▶ _Task data_
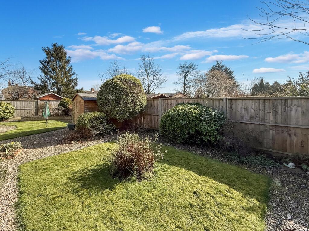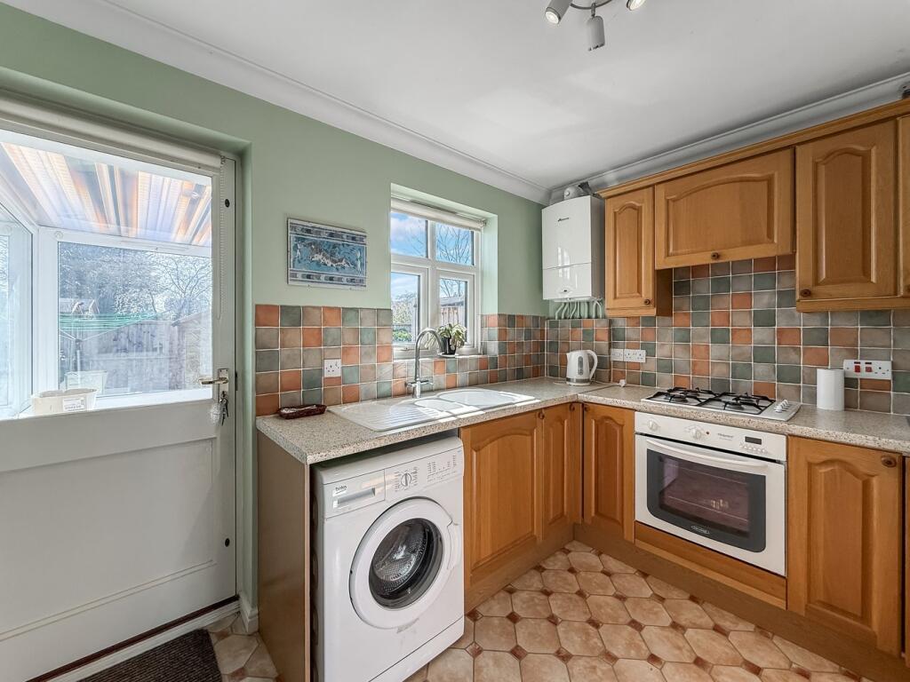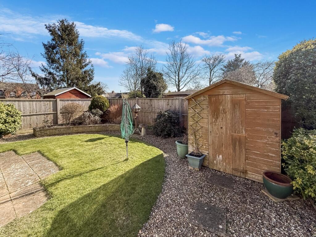 The property appears to be in good condition for its age, with a well-maintained exterior and interior that is clean and tidy. The kitchen and bathroom appear updated, although the style is traditional. The garden is relatively small but well-maintained with a shed and patio area.
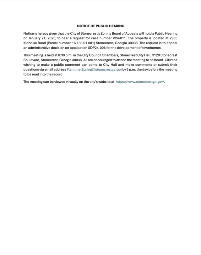 Home»Legal Notices»City of Stonecrest Zoning Board of Appeals, January 21, 2025
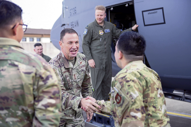 Lt. Gen. John D. Lamontagne, U.S. Air Forces in Europe – Air Forces Africa deputy commander, greets Airmen before a tour of a C-130J Hercules at Ramstein Air Base, Germany, March 22, 2023. Lamontagne toured the aircraft to understand the mission and challenges that Airmen face.(U.S. Air Force photo by Airman 1st Class Kaitlyn Oiler)
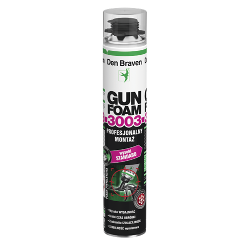 Den Braven Gun Foam 3003 to jednoskładnikowa, poliuretanowa piana pistoletowa, do profesjonalnego montażu okien i drzwi.
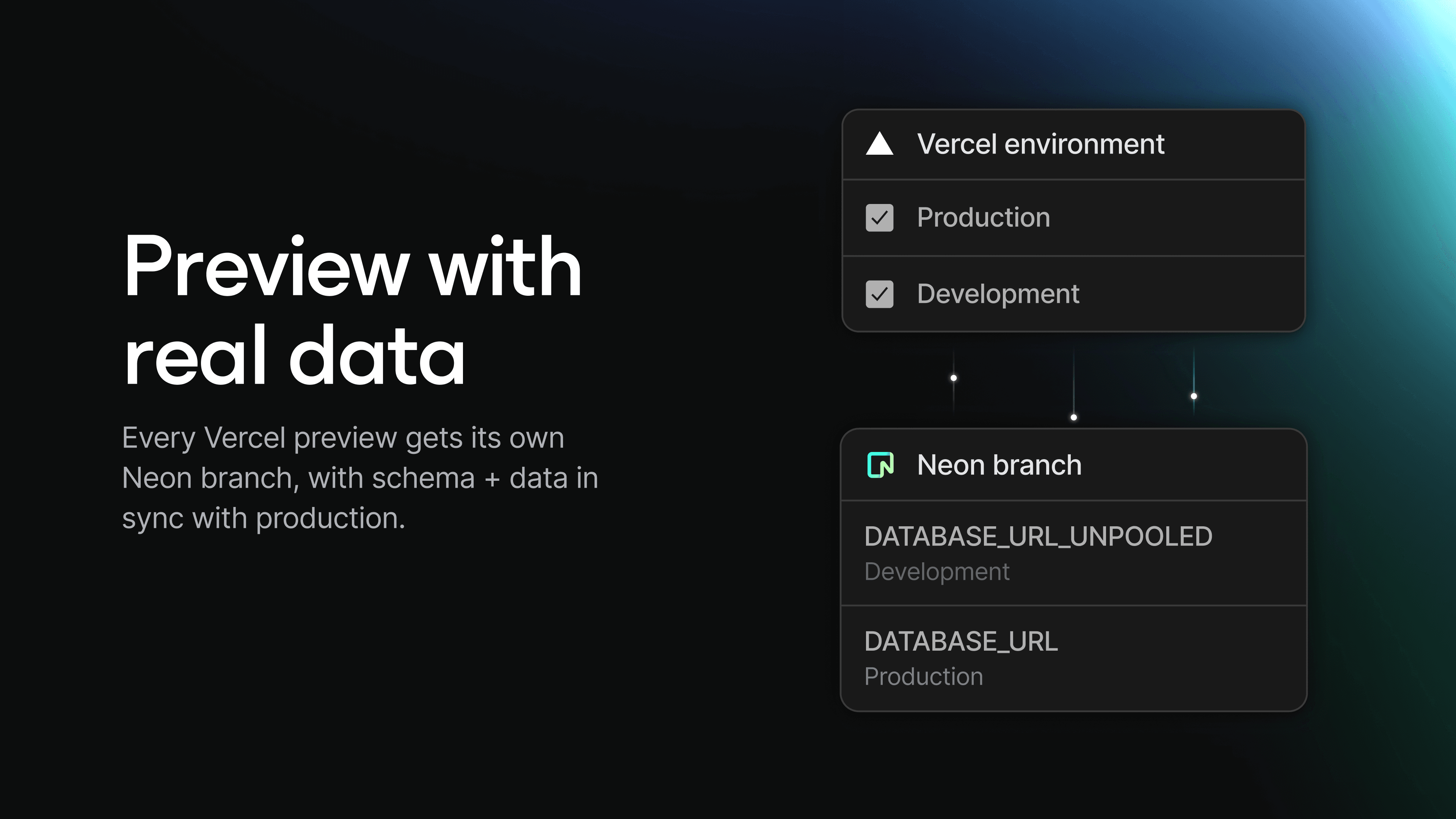 Link Existing Neon Account: Installs the Neon Postgres Previews Integration. Connects your Vercel project to your Neon database to create a database branch for each preview deployment. See the Install the Neon Previews Integration for more information.
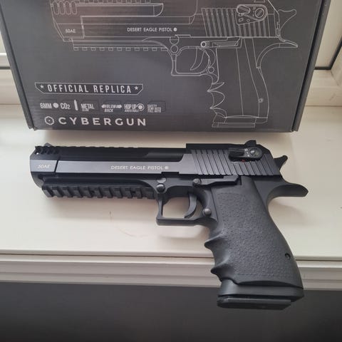 En av de barskeste pistolene på markedet, en fullt lisensiert Magnum Research. INC Deagle L6 softgun! Pistolen har en svær split-slide som gir god rekyl når du skyter, på full-auto sparker denne virkelig fra seg. Pistolen har 21mm rail både under og over som lar deg feste sikter og laser eller lykt.
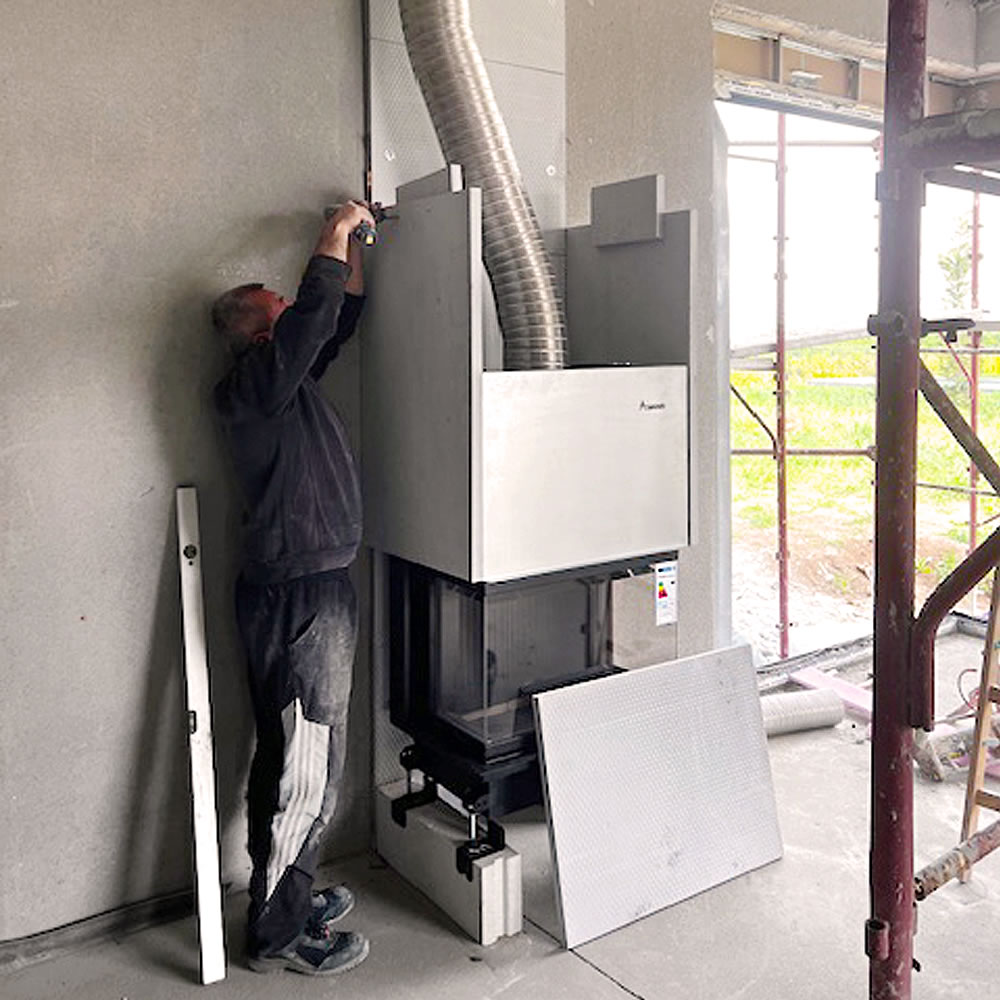 Nakon što je kamin precizno pozicioniran, spajamo ga na dimnjak te izrađujemo oblogu. Na oblogu nanosimo ljepilo i staklokeramičku mrežicu, nakon čega postavljamo kaminske rešetke za cirkulaciju zraka.
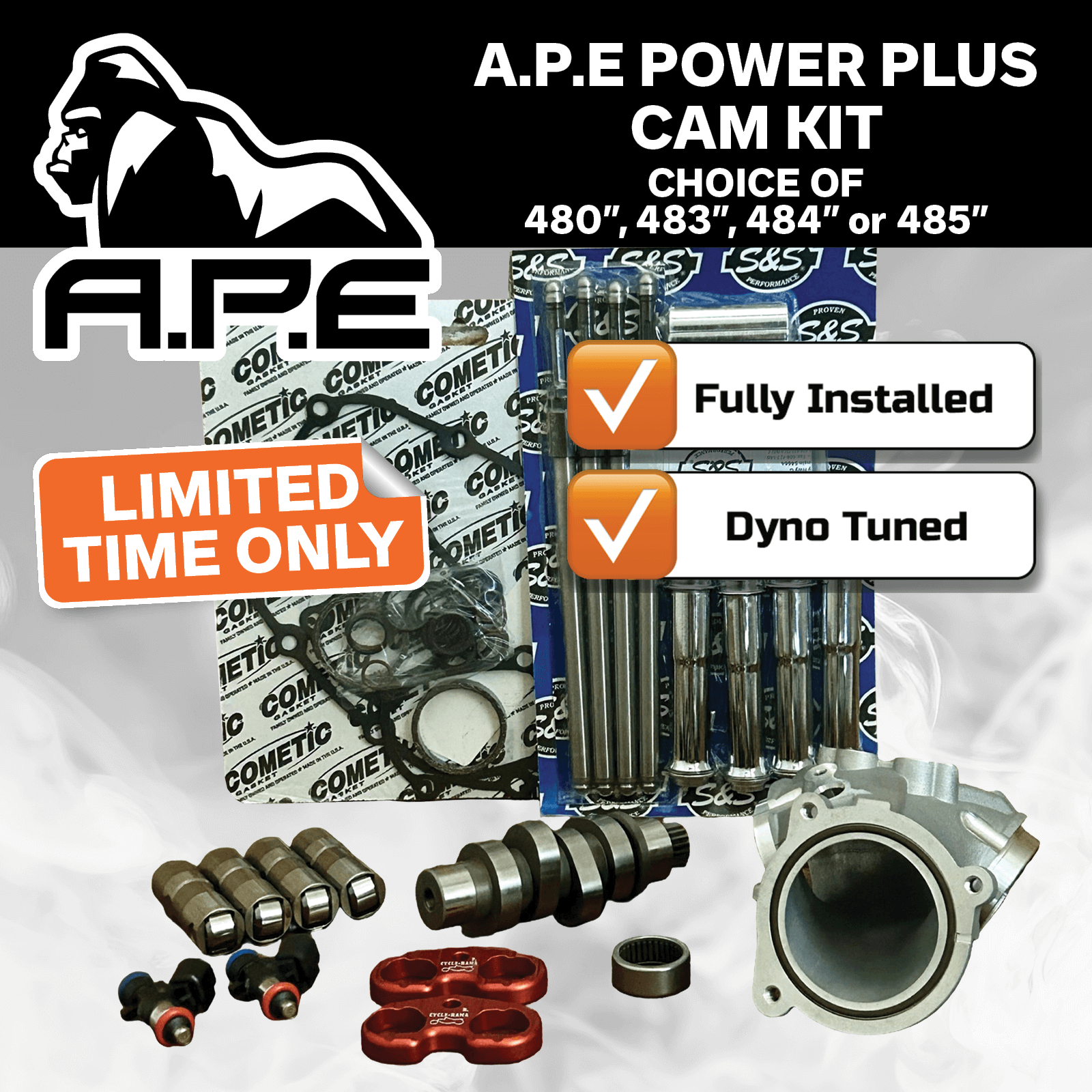 Crank up your M8’s attitude with the Power Plus Cam Kit, our most cost-effective way to unleash serious torque and throttle response. Pick your perfect grind from the 480, 483, 484, or 485 cams and feel the difference the moment you roll on. Paired with high-capacity lifters, billet cuff, adjustable pushrods, high-flow injectors and a 55mm intake, this kit delivers harder acceleration and smoother power.
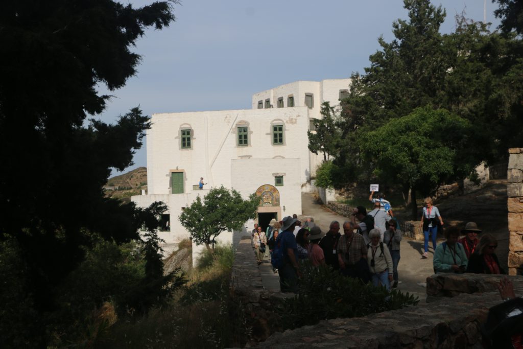 Patmos is a relatively small island not far from Turkey but belongs to Greece. There are about 3000 inhabitants, a single port, and the Monastery of St. John on the highest peak of the island. we boarded a bus and arrived at our first destination of the day, the Cave of the Apocalypse, where some believe John wrote the book of Revelation, even though there is no Biblical support for that.

▶ _Exercise details_
From the line containing "Nakon što je" to the last line of the listing above, transcribe each line exactly, skipping the pictures.

▶ _Answer for the task_
 Nakon što je kamin precizno pozicioniran, spajamo ga na dimnjak te izrađujemo oblogu. Na oblogu nanosimo ljepilo i staklokeramičku mrežicu, nakon čega postavljamo kaminske rešetke za cirkulaciju zraka.
 Crank up your M8’s attitude with the Power Plus Cam Kit, our most cost-effective way to unleash serious torque and throttle response. Pick your perfect grind from the 480, 483, 484, or 485 cams and feel the difference the moment you roll on. Paired with high-capacity lifters, billet cuff, adjustable pushrods, high-flow injectors and a 55mm intake, this kit delivers harder acceleration and smoother power.
 Patmos is a relatively small island not far from Turkey but belongs to Greece. There are about 3000 inhabitants, a single port, and the Monastery of St. John on the highest peak of the island. we boarded a bus and arrived at our first destination of the day, the Cave of the Apocalypse, where some believe John wrote the book of Revelation, even though there is no Biblical support for that.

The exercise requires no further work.